Original images of buildings
Warped Left
Middle image (Unwarped)
Warped Right
Original mages of the door
Warped Up
Middle image (Unwarped)
Warped Down
Original images from Minecraft
Warped Left
Middle image (Unwarped)
Warped Right
In the second part of project 4, I find Harris corners, compute descriptors, and match features automatically to find the best homography. This enables automatic keypoints detection and matching, which can be used for producing mosaic.

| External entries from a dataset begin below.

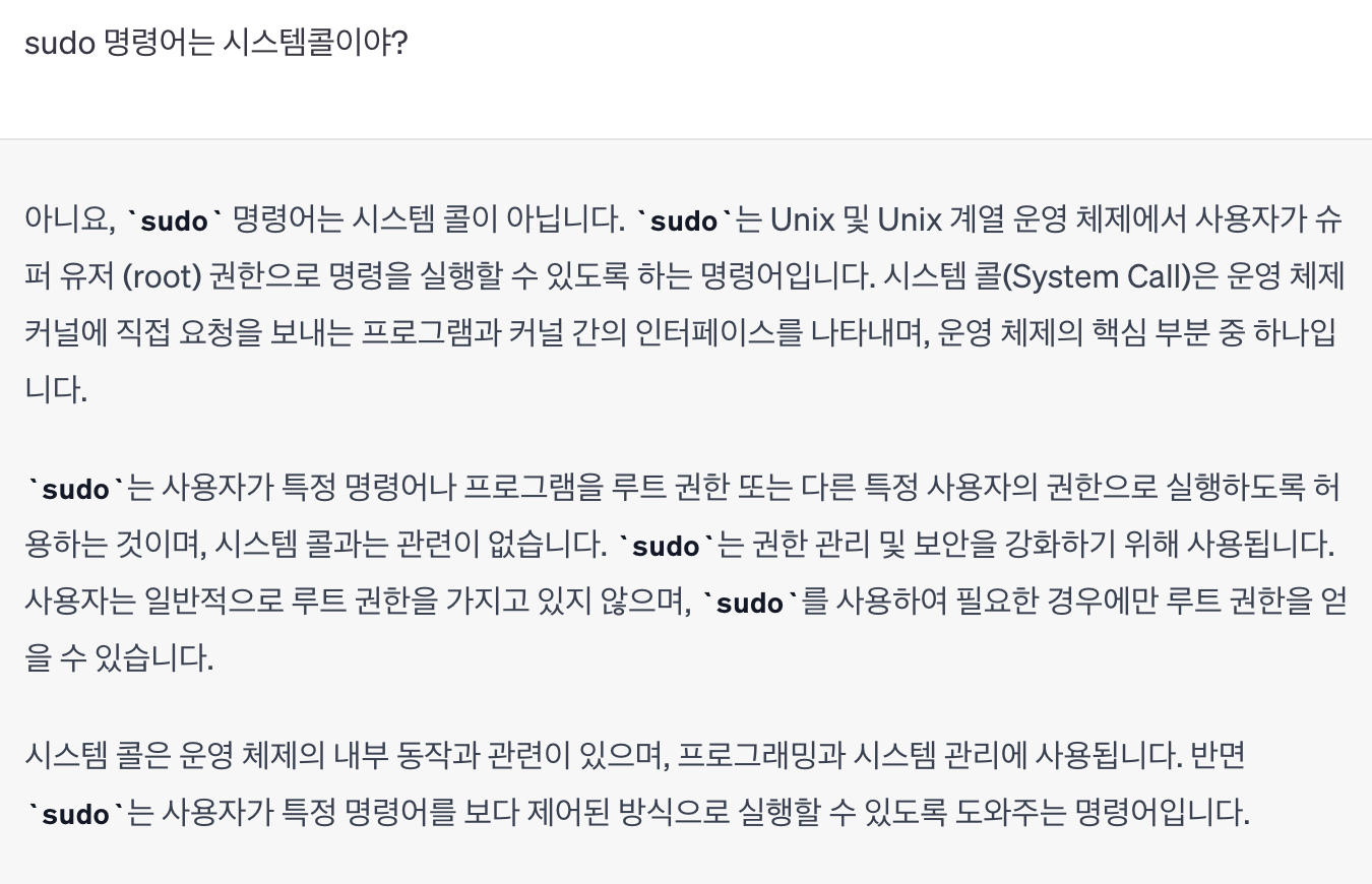 PS. GPT님의 말로는 sudo는 시스템콜이 아니라고 합니다.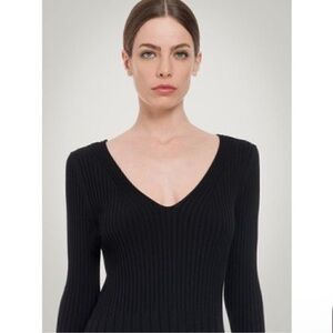 This chic black V-neck sweater offers a perfect blend of comfort and style. Ideal for any occasion, it features a sleek design that enhances your wardrobe. Brand new with tags, didn’t love the fit - not itchy at all super soft. A line shape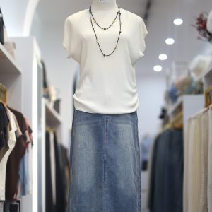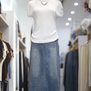 Set Áo Sơ Mi Đen Cổ Bẻ & Chân Váy Jean Dài Thanh Lịch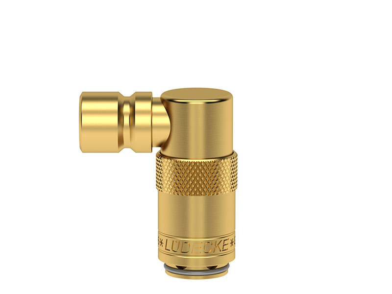 Adapter z gniazdem i wtykiem szybkozłączki, wykonany z mosiądzu (MS 58), z elementami ze stali szlachetnej i uszczelnieniem z gumy fluorowej (FKM).

I reused resized images from part A. I read the images in using cv2, saved a gray-scaled version for harris Interest point detection, and saved a RGB format for future mosaic. Using the get_harris_corners function provided, I adjusted sigma and min_dis to be 2 to avoid too many coordinate points (My image is large), and then I got the following results:
Image 1
Image 2
Image 1
Image 2
Image 1
Image 2
Too filter out points that are not corners, I used adaptive non-maximal suppression algorithm as described in the paper. Firstly, I precomputed pairwise distances between all corners for future use to make the function efficient. Then, initialize r to be inf. Iterate over each corner to find the minimum distance to a stronger corner, which means I update r[i] when there's a strong corner that is closer than current r[i]. Finally, sort the points according to its r, descending, and select the top 500 points to remain.
Here's my results:
Image 1
Image 2
Image 1
Image 2
Image 1
Image 2
For each selected keypoint, extract a 40*40 patch around it, and resize it to be 8*8. Normalize the 8*8 subimage and flatten it to be a descriptor.
To make the function more efficient, precompute the distance matrix containing the pairwise Euclidean distances between descriptors. Then, for each descriptor for image1, find the two nearest neighbors in descriptors2, and compute the Lowe's ratio. Lowe's ratio is 1-NN / 2-NN. If the 1-NN meets the threshold, add it to be a match.
After matching, there are still some outliers. So I implemented RANSAC to further filter out incorrect matchings.
To do RANSAC, each time I randomly pick out 4 matching pairs and compute homography according to them. Then, compute all keypoints1 using that H and check the result with keypoints2: for each point, if difference is small, it's a inliner with this homography. Through the loop, we keep the largest set of inliners. Finally, we compute the best homography using the largest set of inliners.
With the automatically computed homography, I can warp images and make mosaic just like part A. Here are my results:
Auto
Manual
Auto
Manual
Auto
Manual
The coolest thing I learned from the project is that, sometime we can think of things reversely. When warping images, inverse warping is more efficient because we get all pixels we need; When trying to filter outliers in the automatic matches, we loop over and over to keep the most inliers. It's very cool to think same thing in different directions.